Now, I will let you walk through the following empty rooms on your own… Three projects are on view, if I may say so, in this part of the museum that we call “The White Cube”. Indeed, what is exhibited here—or rather, staged? (I ask with a wink)—pays a tribute to the white cube as a metonymy for the museum, both glorifying and pervading it by enhancing its self-referentiality.
The Curator’s Room is dedicated to Mathieu Copeland’s A Choreographed Exhibition, first shown in the Kunsthalle St. Gallen and La Ferme du Buisson in 2008, for which he invited artists, dancers and choreographers to provide scores and instructions that are performed by three dancers on an ongoing basis during the museum’s opening hours. Here, it is not the spectator who revolves around works but the works that revolve around him or her, to borrow Copeland’s words. (Pause)… Why is it called “The Curator’s Room”? Because he himself chose the order in which each piece would be presented, adding his own score to the ones composed by the guest artists, producing his own arrangement, his own montage, and the narrative movement of the exhibition. It is a room where the curator produces a model which he or she may invite artists to slip into, and in doing so, appropriates the means of choreography to authorize a new approach of exhibition making…
Please take these headphones with you; for the Choreographer’s Room is only filled with music. Their volume can be adjusted by turning the dial on the right-hand side. Each space displays a soundtrack from Jérôme Bel’s The Show Must Go On, which is activated when the visitor enters the space. This so-called museum adaptation was first installed in the Musée d’Art Contemporain de Lyon during the Lyon Biennial in 2007, while the “original” danced version of The Show Must Go On was on view at the city’s opera house. Oh, you will certainly recognize the pop songs that compose this soundtrack. Will they trigger visual memories of the choreography?

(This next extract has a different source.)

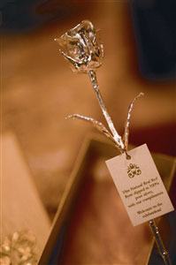 圖:蘸上純銀的鮮花玫瑰回贈(zèng)嘉賓。(圖片來(lái)源:澳門(mén)日?qǐng)?bào))

Or imagined ones? Will they drive you to dance in the exhibition rooms, or perhaps to populate them with fantasized gestures?
The Performative Room here on the other side of the hall also exhibits evocations, but they are called in by words instead of music, and their scope is infinite. This room hosts the weekly meetings of the Eco-Musée de l’Homme Moderne, an ambitious collection of stories conceived by Benjamin Seror, the French artist, which unfold every time its participants meet to discuss objects and practices of their choice. They thus work together to produce a collective memory of the works. A “methodological fiction”, the Eco-Musée borrows from experimental archeology and the pleasure of storytelling, and in so doing tackles both the myth of the Modern Man and the myth of the Museum at once, and not without a certain sense of tenderness.
What would a performance museum be without an Archive Room? Rather than exhibiting documents per se, however, ours displays projects that reflect on the very notion of the archive—as a collection of documents organized around certain aims—and its relationship to the practices of performance. As such, re.act.feminism is a growing “performing archive” dedicated to feminist, gender critical and queer strategies within performance. Gathered by Bettina Knaup and Beatrice Ellen Stammer, it has been exhibited here under one of its temporary forms, both activated and augmented by a set of new performances. But there is also space here for online databases such as the Anecdote Archive, a collection of videos of people interviewed by American curator Joseph Del Pesco telling about an event of their choice. These two complementary projects have driven the way the museum conceives of this room. Among the questions you’ll surely encounter here are: How does performance trigger alternative ways of conceiving the archive? And, How can this archive be used, reused, interpreted; basically, in a word, “performed”?
Two last things before ending the visit and letting you enjoy our souvenir shop. The museum’s education department is currently developing two programs for which you can sign up if you are interested: The School for Ignorant Schoolmasters is a weekly program of events that explore the ways of transmitting the history of performance art, and the performing arts, within the frame of the museum. The programs have been proposed by artists, curators, critics and theoreticians, but also students and interested individuals. The Hors-les-Murs program consists in a collection of performances acting “as museums”, and in turn tours other spaces. I will only quote one example in this regard: in 37 Years Too Late, Julia Kläring and Andrea Salzmann examine the legacy of Gina Pane’s radical, feminist performances through a multi-layered dialogue between the past and the present, and include images, gestures and voices that reactivate the agency of her work.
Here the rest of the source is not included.